Task instructions.
Copy each of the following entries back without change.

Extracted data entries
_ _ _

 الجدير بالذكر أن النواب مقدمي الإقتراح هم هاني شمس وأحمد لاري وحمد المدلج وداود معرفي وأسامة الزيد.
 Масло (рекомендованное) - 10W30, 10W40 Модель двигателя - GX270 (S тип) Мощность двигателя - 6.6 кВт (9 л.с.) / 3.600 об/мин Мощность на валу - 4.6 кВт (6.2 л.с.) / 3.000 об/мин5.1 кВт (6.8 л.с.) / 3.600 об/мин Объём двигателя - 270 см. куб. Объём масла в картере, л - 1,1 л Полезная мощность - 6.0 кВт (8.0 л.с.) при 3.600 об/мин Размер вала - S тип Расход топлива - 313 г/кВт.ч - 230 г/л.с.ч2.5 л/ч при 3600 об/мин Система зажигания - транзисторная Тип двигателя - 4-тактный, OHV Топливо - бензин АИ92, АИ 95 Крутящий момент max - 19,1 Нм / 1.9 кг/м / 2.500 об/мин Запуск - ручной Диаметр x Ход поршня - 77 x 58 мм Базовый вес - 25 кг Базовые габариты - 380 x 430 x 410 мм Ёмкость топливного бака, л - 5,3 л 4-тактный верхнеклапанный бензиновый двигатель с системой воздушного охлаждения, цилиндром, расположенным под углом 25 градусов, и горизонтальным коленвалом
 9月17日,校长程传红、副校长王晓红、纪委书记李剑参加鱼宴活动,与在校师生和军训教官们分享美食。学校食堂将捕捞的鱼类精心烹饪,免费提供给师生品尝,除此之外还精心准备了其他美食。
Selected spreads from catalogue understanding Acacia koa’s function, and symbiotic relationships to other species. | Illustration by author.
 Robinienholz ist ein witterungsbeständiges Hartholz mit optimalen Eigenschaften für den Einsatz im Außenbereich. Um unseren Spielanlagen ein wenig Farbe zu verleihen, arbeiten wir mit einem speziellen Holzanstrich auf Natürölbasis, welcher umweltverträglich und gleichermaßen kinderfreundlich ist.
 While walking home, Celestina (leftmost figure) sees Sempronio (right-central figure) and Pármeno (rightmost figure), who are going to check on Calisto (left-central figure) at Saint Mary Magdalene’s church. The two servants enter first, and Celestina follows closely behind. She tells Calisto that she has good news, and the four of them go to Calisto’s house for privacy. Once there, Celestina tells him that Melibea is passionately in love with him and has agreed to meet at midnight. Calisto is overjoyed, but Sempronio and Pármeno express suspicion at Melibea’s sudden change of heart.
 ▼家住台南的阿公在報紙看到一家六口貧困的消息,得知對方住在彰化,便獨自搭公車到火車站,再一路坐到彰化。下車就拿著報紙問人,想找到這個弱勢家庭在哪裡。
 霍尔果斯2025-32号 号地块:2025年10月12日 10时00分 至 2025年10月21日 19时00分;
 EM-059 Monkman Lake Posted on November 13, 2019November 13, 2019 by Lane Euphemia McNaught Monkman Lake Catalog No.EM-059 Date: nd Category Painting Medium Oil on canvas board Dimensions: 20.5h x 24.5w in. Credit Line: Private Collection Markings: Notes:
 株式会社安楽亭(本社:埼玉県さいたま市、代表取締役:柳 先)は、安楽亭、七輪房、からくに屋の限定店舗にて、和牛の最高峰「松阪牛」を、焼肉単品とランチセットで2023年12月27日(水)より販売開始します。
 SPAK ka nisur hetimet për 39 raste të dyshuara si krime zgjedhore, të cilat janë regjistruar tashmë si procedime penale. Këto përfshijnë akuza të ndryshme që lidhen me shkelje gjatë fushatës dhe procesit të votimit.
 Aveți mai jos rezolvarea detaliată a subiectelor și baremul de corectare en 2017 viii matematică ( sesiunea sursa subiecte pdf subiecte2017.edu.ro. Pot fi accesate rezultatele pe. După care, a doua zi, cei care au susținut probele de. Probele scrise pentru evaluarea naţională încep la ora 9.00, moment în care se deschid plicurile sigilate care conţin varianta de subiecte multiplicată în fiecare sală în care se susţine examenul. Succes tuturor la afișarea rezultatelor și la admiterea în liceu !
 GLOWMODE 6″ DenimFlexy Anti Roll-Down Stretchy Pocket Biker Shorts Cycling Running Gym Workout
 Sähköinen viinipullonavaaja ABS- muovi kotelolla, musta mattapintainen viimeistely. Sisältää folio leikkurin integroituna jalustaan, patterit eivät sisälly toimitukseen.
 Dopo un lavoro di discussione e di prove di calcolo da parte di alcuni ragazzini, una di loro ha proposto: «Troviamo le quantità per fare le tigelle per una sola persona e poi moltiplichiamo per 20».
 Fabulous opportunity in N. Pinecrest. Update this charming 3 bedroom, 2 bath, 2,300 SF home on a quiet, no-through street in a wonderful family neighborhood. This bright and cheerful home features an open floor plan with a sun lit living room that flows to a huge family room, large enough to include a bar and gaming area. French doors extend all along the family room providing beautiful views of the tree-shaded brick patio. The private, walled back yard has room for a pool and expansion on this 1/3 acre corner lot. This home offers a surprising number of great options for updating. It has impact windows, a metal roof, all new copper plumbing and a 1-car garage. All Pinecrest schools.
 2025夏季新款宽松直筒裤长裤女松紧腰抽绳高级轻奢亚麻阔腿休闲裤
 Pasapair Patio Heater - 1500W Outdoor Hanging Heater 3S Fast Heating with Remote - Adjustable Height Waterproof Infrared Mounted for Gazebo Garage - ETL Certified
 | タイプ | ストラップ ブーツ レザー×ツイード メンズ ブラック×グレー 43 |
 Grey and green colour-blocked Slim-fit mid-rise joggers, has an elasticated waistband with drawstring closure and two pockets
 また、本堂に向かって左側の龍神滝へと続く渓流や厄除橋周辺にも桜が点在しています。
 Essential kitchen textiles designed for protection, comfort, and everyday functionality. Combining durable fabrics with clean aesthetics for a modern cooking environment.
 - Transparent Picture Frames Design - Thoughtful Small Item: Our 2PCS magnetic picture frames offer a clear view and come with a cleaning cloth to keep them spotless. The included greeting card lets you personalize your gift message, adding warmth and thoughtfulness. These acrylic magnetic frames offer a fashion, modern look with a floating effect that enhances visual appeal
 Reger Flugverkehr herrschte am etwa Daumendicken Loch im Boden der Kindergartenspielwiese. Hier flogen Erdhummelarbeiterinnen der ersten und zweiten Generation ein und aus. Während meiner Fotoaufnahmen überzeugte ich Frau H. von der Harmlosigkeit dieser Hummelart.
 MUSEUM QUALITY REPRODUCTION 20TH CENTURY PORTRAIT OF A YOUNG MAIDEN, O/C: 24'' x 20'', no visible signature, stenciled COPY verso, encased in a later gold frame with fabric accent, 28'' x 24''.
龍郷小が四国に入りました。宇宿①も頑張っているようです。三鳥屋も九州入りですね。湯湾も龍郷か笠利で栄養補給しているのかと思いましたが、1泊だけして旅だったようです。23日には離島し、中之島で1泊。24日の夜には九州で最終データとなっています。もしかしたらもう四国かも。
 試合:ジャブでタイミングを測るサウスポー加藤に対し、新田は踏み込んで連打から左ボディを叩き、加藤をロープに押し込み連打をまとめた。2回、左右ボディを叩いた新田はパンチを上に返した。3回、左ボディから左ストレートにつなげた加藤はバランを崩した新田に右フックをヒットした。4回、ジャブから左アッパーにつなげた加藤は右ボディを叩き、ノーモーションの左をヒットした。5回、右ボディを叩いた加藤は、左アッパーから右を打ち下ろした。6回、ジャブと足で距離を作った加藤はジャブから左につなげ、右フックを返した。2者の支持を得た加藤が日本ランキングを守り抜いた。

_ _ _

Completed exercise.
 الجدير بالذكر أن النواب مقدمي الإقتراح هم هاني شمس وأحمد لاري وحمد المدلج وداود معرفي وأسامة الزيد.
 Масло (рекомендованное) - 10W30, 10W40 Модель двигателя - GX270 (S тип) Мощность двигателя - 6.6 кВт (9 л.с.) / 3.600 об/мин Мощность на валу - 4.6 кВт (6.2 л.с.) / 3.000 об/мин5.1 кВт (6.8 л.с.) / 3.600 об/мин Объём двигателя - 270 см. куб. Объём масла в картере, л - 1,1 л Полезная мощность - 6.0 кВт (8.0 л.с.) при 3.600 об/мин Размер вала - S тип Расход топлива - 313 г/кВт.ч - 230 г/л.с.ч2.5 л/ч при 3600 об/мин Система зажигания - транзисторная Тип двигателя - 4-тактный, OHV Топливо - бензин АИ92, АИ 95 Крутящий момент max - 19,1 Нм / 1.9 кг/м / 2.500 об/мин Запуск - ручной Диаметр x Ход поршня - 77 x 58 мм Базовый вес - 25 кг Базовые габариты - 380 x 430 x 410 мм Ёмкость топливного бака, л - 5,3 л 4-тактный верхнеклапанный бензиновый двигатель с системой воздушного охлаждения, цилиндром, расположенным под углом 25 градусов, и горизонтальным коленвалом
 9月17日,校长程传红、副校长王晓红、纪委书记李剑参加鱼宴活动,与在校师生和军训教官们分享美食。学校食堂将捕捞的鱼类精心烹饪,免费提供给师生品尝,除此之外还精心准备了其他美食。
Selected spreads from catalogue understanding Acacia koa’s function, and symbiotic relationships to other species. | Illustration by author.
 Robinienholz ist ein witterungsbeständiges Hartholz mit optimalen Eigenschaften für den Einsatz im Außenbereich. Um unseren Spielanlagen ein wenig Farbe zu verleihen, arbeiten wir mit einem speziellen Holzanstrich auf Natürölbasis, welcher umweltverträglich und gleichermaßen kinderfreundlich ist.
 While walking home, Celestina (leftmost figure) sees Sempronio (right-central figure) and Pármeno (rightmost figure), who are going to check on Calisto (left-central figure) at Saint Mary Magdalene’s church. The two servants enter first, and Celestina follows closely behind. She tells Calisto that she has good news, and the four of them go to Calisto’s house for privacy. Once there, Celestina tells him that Melibea is passionately in love with him and has agreed to meet at midnight. Calisto is overjoyed, but Sempronio and Pármeno express suspicion at Melibea’s sudden change of heart.
 ▼家住台南的阿公在報紙看到一家六口貧困的消息,得知對方住在彰化,便獨自搭公車到火車站,再一路坐到彰化。下車就拿著報紙問人,想找到這個弱勢家庭在哪裡。
 霍尔果斯2025-32号 号地块:2025年10月12日 10时00分 至 2025年10月21日 19时00分;
 EM-059 Monkman Lake Posted on November 13, 2019November 13, 2019 by Lane Euphemia McNaught Monkman Lake Catalog No.EM-059 Date: nd Category Painting Medium Oil on canvas board Dimensions: 20.5h x 24.5w in. Credit Line: Private Collection Markings: Notes:
 株式会社安楽亭(本社:埼玉県さいたま市、代表取締役:柳 先)は、安楽亭、七輪房、からくに屋の限定店舗にて、和牛の最高峰「松阪牛」を、焼肉単品とランチセットで2023年12月27日(水)より販売開始します。
 SPAK ka nisur hetimet për 39 raste të dyshuara si krime zgjedhore, të cilat janë regjistruar tashmë si procedime penale. Këto përfshijnë akuza të ndryshme që lidhen me shkelje gjatë fushatës dhe procesit të votimit.
 Aveți mai jos rezolvarea detaliată a subiectelor și baremul de corectare en 2017 viii matematică ( sesiunea sursa subiecte pdf subiecte2017.edu.ro. Pot fi accesate rezultatele pe. După care, a doua zi, cei care au susținut probele de. Probele scrise pentru evaluarea naţională încep la ora 9.00, moment în care se deschid plicurile sigilate care conţin varianta de subiecte multiplicată în fiecare sală în care se susţine examenul. Succes tuturor la afișarea rezultatelor și la admiterea în liceu !
 GLOWMODE 6″ DenimFlexy Anti Roll-Down Stretchy Pocket Biker Shorts Cycling Running Gym Workout
 Sähköinen viinipullonavaaja ABS- muovi kotelolla, musta mattapintainen viimeistely. Sisältää folio leikkurin integroituna jalustaan, patterit eivät sisälly toimitukseen.
 Dopo un lavoro di discussione e di prove di calcolo da parte di alcuni ragazzini, una di loro ha proposto: «Troviamo le quantità per fare le tigelle per una sola persona e poi moltiplichiamo per 20».
 Fabulous opportunity in N. Pinecrest. Update this charming 3 bedroom, 2 bath, 2,300 SF home on a quiet, no-through street in a wonderful family neighborhood. This bright and cheerful home features an open floor plan with a sun lit living room that flows to a huge family room, large enough to include a bar and gaming area. French doors extend all along the family room providing beautiful views of the tree-shaded brick patio. The private, walled back yard has room for a pool and expansion on this 1/3 acre corner lot. This home offers a surprising number of great options for updating. It has impact windows, a metal roof, all new copper plumbing and a 1-car garage. All Pinecrest schools.
 2025夏季新款宽松直筒裤长裤女松紧腰抽绳高级轻奢亚麻阔腿休闲裤
 Pasapair Patio Heater - 1500W Outdoor Hanging Heater 3S Fast Heating with Remote - Adjustable Height Waterproof Infrared Mounted for Gazebo Garage - ETL Certified
 | タイプ | ストラップ ブーツ レザー×ツイード メンズ ブラック×グレー 43 |
 Grey and green colour-blocked Slim-fit mid-rise joggers, has an elasticated waistband with drawstring closure and two pockets
 また、本堂に向かって左側の龍神滝へと続く渓流や厄除橋周辺にも桜が点在しています。
 Essential kitchen textiles designed for protection, comfort, and everyday functionality. Combining durable fabrics with clean aesthetics for a modern cooking environment.
 - Transparent Picture Frames Design - Thoughtful Small Item: Our 2PCS magnetic picture frames offer a clear view and come with a cleaning cloth to keep them spotless. The included greeting card lets you personalize your gift message, adding warmth and thoughtfulness. These acrylic magnetic frames offer a fashion, modern look with a floating effect that enhances visual appeal
 Reger Flugverkehr herrschte am etwa Daumendicken Loch im Boden der Kindergartenspielwiese. Hier flogen Erdhummelarbeiterinnen der ersten und zweiten Generation ein und aus. Während meiner Fotoaufnahmen überzeugte ich Frau H. von der Harmlosigkeit dieser Hummelart.
 MUSEUM QUALITY REPRODUCTION 20TH CENTURY PORTRAIT OF A YOUNG MAIDEN, O/C: 24'' x 20'', no visible signature, stenciled COPY verso, encased in a later gold frame with fabric accent, 28'' x 24''.
龍郷小が四国に入りました。宇宿①も頑張っているようです。三鳥屋も九州入りですね。湯湾も龍郷か笠利で栄養補給しているのかと思いましたが、1泊だけして旅だったようです。23日には離島し、中之島で1泊。24日の夜には九州で最終データとなっています。もしかしたらもう四国かも。
 試合:ジャブでタイミングを測るサウスポー加藤に対し、新田は踏み込んで連打から左ボディを叩き、加藤をロープに押し込み連打をまとめた。2回、左右ボディを叩いた新田はパンチを上に返した。3回、左ボディから左ストレートにつなげた加藤はバランを崩した新田に右フックをヒットした。4回、ジャブから左アッパーにつなげた加藤は右ボディを叩き、ノーモーションの左をヒットした。5回、右ボディを叩いた加藤は、左アッパーから右を打ち下ろした。6回、ジャブと足で距離を作った加藤はジャブから左につなげ、右フックを返した。2者の支持を得た加藤が日本ランキングを守り抜いた。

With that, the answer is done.